A ChIP-seq pipeline from raw reads to peaks
Project description
This is the chipseq pipeline from the Sequana project.
- Overview:
ChIP-seq pipeline from raw reads to peaks, IDR statistics, and functional annotation
- Input:
Paired or single-end FastQ files and a CSV experimental design file
- Output:
HTML summary report, narrow/broad peak files, IDR statistics, bigwig tracks, annotation tables, and IGV session file
- Status:
Production
- Citation:
Cokelaer et al, (2017), ‘Sequana’: a Set of Snakemake NGS pipelines, Journal of Open Source Software, 2(16), 352, JOSS DOI https://doi.org/10.21105/joss.00352
Installation
pip install sequana_chipseq --upgrade
You will also need the third-party tools listed under Requirements below.
Quick Start
1. Prepare a design file design.csv:
type,condition,replicat,sample_name IP,EXP1,1,IP_EXP1_rep1 IP,EXP1,2,IP_EXP1_rep2 Input,EXP1,1,Input_EXP1
type must be IP (immunoprecipitated) or Input (control).
sample_name must match the prefix of the corresponding FastQ file (e.g. IP_EXP1_rep1 matches IP_EXP1_rep1_R1_.fastq.gz).
At least two IP replicates per condition are required for IDR analysis.
2. Prepare a genome directory named after the genome, containing:
<name>.fa — reference genome FASTA
<name>.gff or <name>.gff3 — gene annotation
Example:
ecoli_MG1655/ ├── ecoli_MG1655.fa └── ecoli_MG1655.gff
3. Set up the pipeline:
sequana_chipseq \
--input-directory DATAPATH \
--genome-directory /path/to/ecoli_MG1655 \
--design-file design.csv
4. Run the pipeline:
cd chipseq sh chipseq.sh
Usage
sequana_chipseq --help
Key pipeline-specific options:
- --genome-directory
Path to the genome directory (must contain <name>.fa and <name>.gff).
- --design-file
CSV experimental design file (see Quick Start above).
- --aligner-choice
Aligner to use. Currently only bowtie2 is supported.
- --blacklist-file
BED3 file of genomic regions to exclude from analysis (tab-separated: chromosome, start, end).
- --genome-size
Effective genome size for macs3 peak calling. Automatically computed from the FASTA file if not provided; override with a plain integer.
- --do-fingerprints
Enable plotFingerprint QC to assess ChIP enrichment quality.
Run on a SLURM cluster:
cd chipseq sbatch chipseq.sh
Or drive Snakemake directly:
snakemake -s chipseq.rules --cores 4 --stats stats.txt
Usage with Apptainer
Run every tool inside pre-built containers — no local tool installation needed:
sequana_chipseq \
--input-directory DATAPATH \
--genome-directory /path/to/genome \
--design-file design.csv \
--use-apptainer
Store images in a shared location to avoid re-downloading:
sequana_chipseq ... --use-apptainer --apptainer-prefix ~/.sequana/apptainers
Then run as usual:
cd chipseq sh chipseq.sh
Requirements
The following tools must be available (install via conda/bioconda):
mamba env create -f environment.yml
bowtie2 — read alignment
fastp — adapter trimming and quality filtering
fastqc — per-read quality control
samtools — BAM sorting, indexing, and flagstat
bedtools — bedGraph generation from BAM files (genomeCoverageBed)

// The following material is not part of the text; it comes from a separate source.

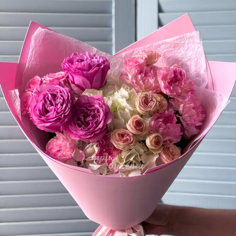 Розовый букет гвоздик и роз с гортензией

ucsc-bedgraphtobigwig — bedGraph to bigWig conversion (bedGraphToBigWig)
deeptools — fingerprint QC (plotFingerprint) and multi-sample bigwig summary (multiBigwigSummary)
macs3 — narrow and broad peak calling
homer — peak annotation (annotatePeaks.pl)
idr — Irreproducibility Discovery Rate between replicates (installed from sequana/idr fork via pip; the upstream bioconda package is Python 3.10-only)
multiqc — aggregated QC report
Pipeline overview
Trimming — fastp removes low-quality reads and adapters.
QC — FastQC on raw and cleaned reads.
Alignment — bowtie2 maps reads to the reference genome.
[Optional] Mark duplicates — Picard marks PCR duplicates.
[Optional] Blacklist removal — bedtools removes artefact-prone regions.
bigwig — per-sample coverage tracks for genome browsers (bedtools genomeCoverageBed → UCSC bedGraphToBigWig); an IGV session file (igv.xml) is generated to preload all tracks.
[Optional] Fingerprints — plotFingerprint QC to assess ChIP enrichment.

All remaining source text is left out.